Set down the data again word for word. Skip any pictures.

──────── Source records

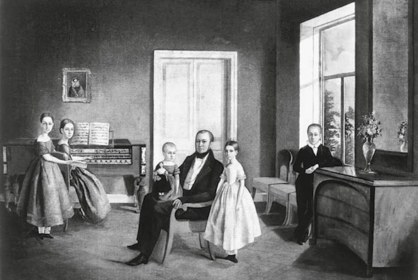 Eine russische Familie mit ihrem Instrument in den 1840er Jahren, als Klaviere wichtige Prestigeobjekte wurden.
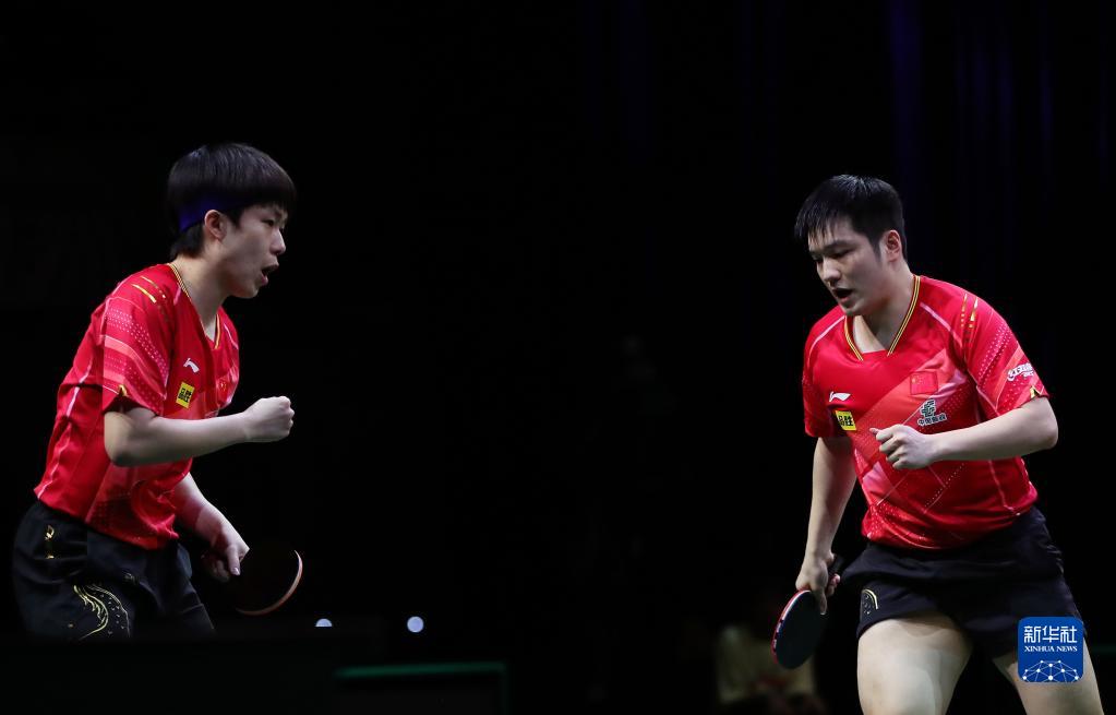 5月25日,樊振东(右)/王楚钦在比赛中庆祝得分。新华社记者 王东震 摄
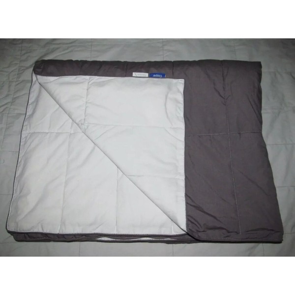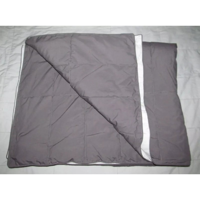 Here is a very nice International long-haul first class duvet cabin blanket from US major carrier AMERICAN AIRLINES. Made by luxury bedding designer, CASPER, quilted blanket is grey in color on one side, white on the other. There is a double sided blue CASPER logo tag along one edge as well as an American Airlines logo tag. Made of a durable modacrylic material. Blanket measures approx. 72" x 46" and is in very good used condition. Item has been freshly/properly laundered and will arrive ready for use or display.
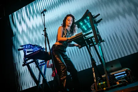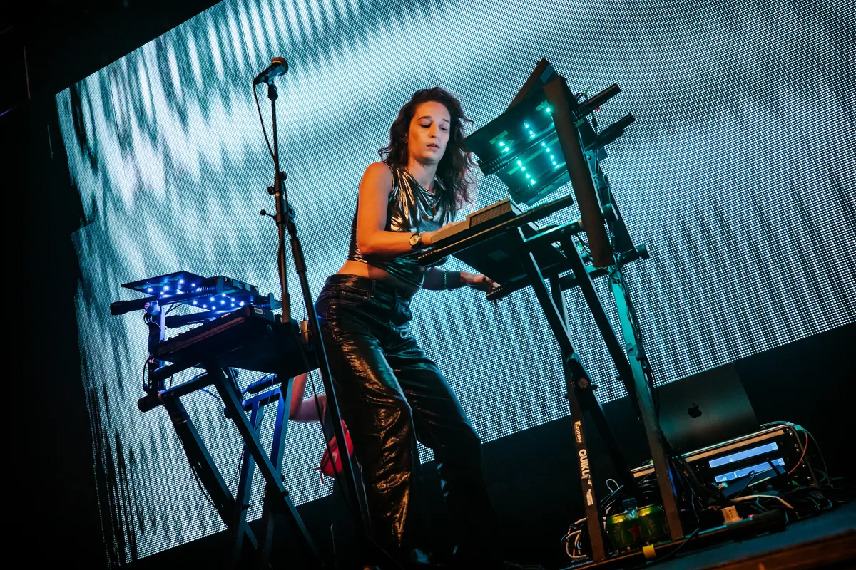 Een vrouw solo op het podium. Dat is wat Elkka wil zijn. Dus daar staat ze, draaiend en dansend in de minimale ruimte tussen haar apparatuur, soms met het gezicht richting de zaal als ze in de microfoon zingt. De Welsche Emma Kirby gedijt op positiviteit. Muziek is de toverstaf waarmee ze met een glimlach euforie tevoorschijn tovert.
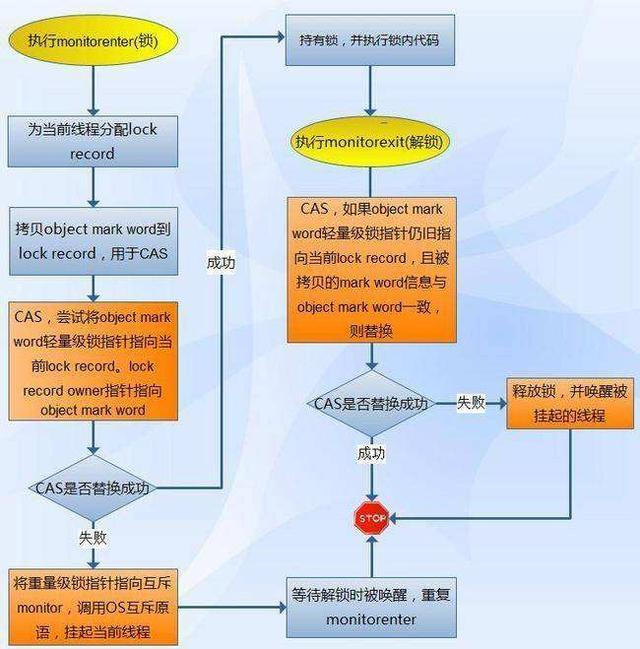 在代码进入同步块的时候,如果此同步对象没有被锁定(锁标志位为“01”状态),虚拟机首先将在当前线程的栈帧中建立一个名为锁记录(Lock Record)的空间,用于存储锁对象目前的Mark Word的拷贝(官方把这份拷贝加了一个Displaced前缀,即Displaced Mark Word)。然后,虚拟机将使用CAS操作尝试将对象的Mark Word更新为指向Lock Record的指针。如果这个更新动作成功,那么这个线程就拥有了该对象的锁,并且对象Mark Word的锁标志位(Mark Word的最后2bit)将转变为“00”,即表示此对象处于轻量级锁定状态。如果这个更新操作失败了,虚拟机首先会检查对象的Mark Word是否指向当前线程的栈帧,如果是说明当前线程已经拥有了这个对象的锁,那就可以直接进入同步块继续执行,否则说明这个锁对象已经被其他线程抢占了。如果有两条以上的线程争用同一个锁,那轻量级锁就不再有效,要膨胀为重量级锁,锁标志的状态值变为“10”,Mark Word中存储的就是指向重量级锁(互斥量)的指针,后面等待锁的线程也要进入阻塞状态。

────────────────

# Task response:
 Eine russische Familie mit ihrem Instrument in den 1840er Jahren, als Klaviere wichtige Prestigeobjekte wurden.
 5月25日,樊振东(右)/王楚钦在比赛中庆祝得分。新华社记者 王东震 摄
 Here is a very nice International long-haul first class duvet cabin blanket from US major carrier AMERICAN AIRLINES. Made by luxury bedding designer, CASPER, quilted blanket is grey in color on one side, white on the other. There is a double sided blue CASPER logo tag along one edge as well as an American Airlines logo tag. Made of a durable modacrylic material. Blanket measures approx. 72" x 46" and is in very good used condition. Item has been freshly/properly laundered and will arrive ready for use or display.
 Een vrouw solo op het podium. Dat is wat Elkka wil zijn. Dus daar staat ze, draaiend en dansend in de minimale ruimte tussen haar apparatuur, soms met het gezicht richting de zaal als ze in de microfoon zingt. De Welsche Emma Kirby gedijt op positiviteit. Muziek is de toverstaf waarmee ze met een glimlach euforie tevoorschijn tovert.
 在代码进入同步块的时候,如果此同步对象没有被锁定(锁标志位为“01”状态),虚拟机首先将在当前线程的栈帧中建立一个名为锁记录(Lock Record)的空间,用于存储锁对象目前的Mark Word的拷贝(官方把这份拷贝加了一个Displaced前缀,即Displaced Mark Word)。然后,虚拟机将使用CAS操作尝试将对象的Mark Word更新为指向Lock Record的指针。如果这个更新动作成功,那么这个线程就拥有了该对象的锁,并且对象Mark Word的锁标志位(Mark Word的最后2bit)将转变为“00”,即表示此对象处于轻量级锁定状态。如果这个更新操作失败了,虚拟机首先会检查对象的Mark Word是否指向当前线程的栈帧,如果是说明当前线程已经拥有了这个对象的锁,那就可以直接进入同步块继续执行,否则说明这个锁对象已经被其他线程抢占了。如果有两条以上的线程争用同一个锁,那轻量级锁就不再有效,要膨胀为重量级锁,锁标志的状态值变为“10”,Mark Word中存储的就是指向重量级锁(互斥量)的指针,后面等待锁的线程也要进入阻塞状态。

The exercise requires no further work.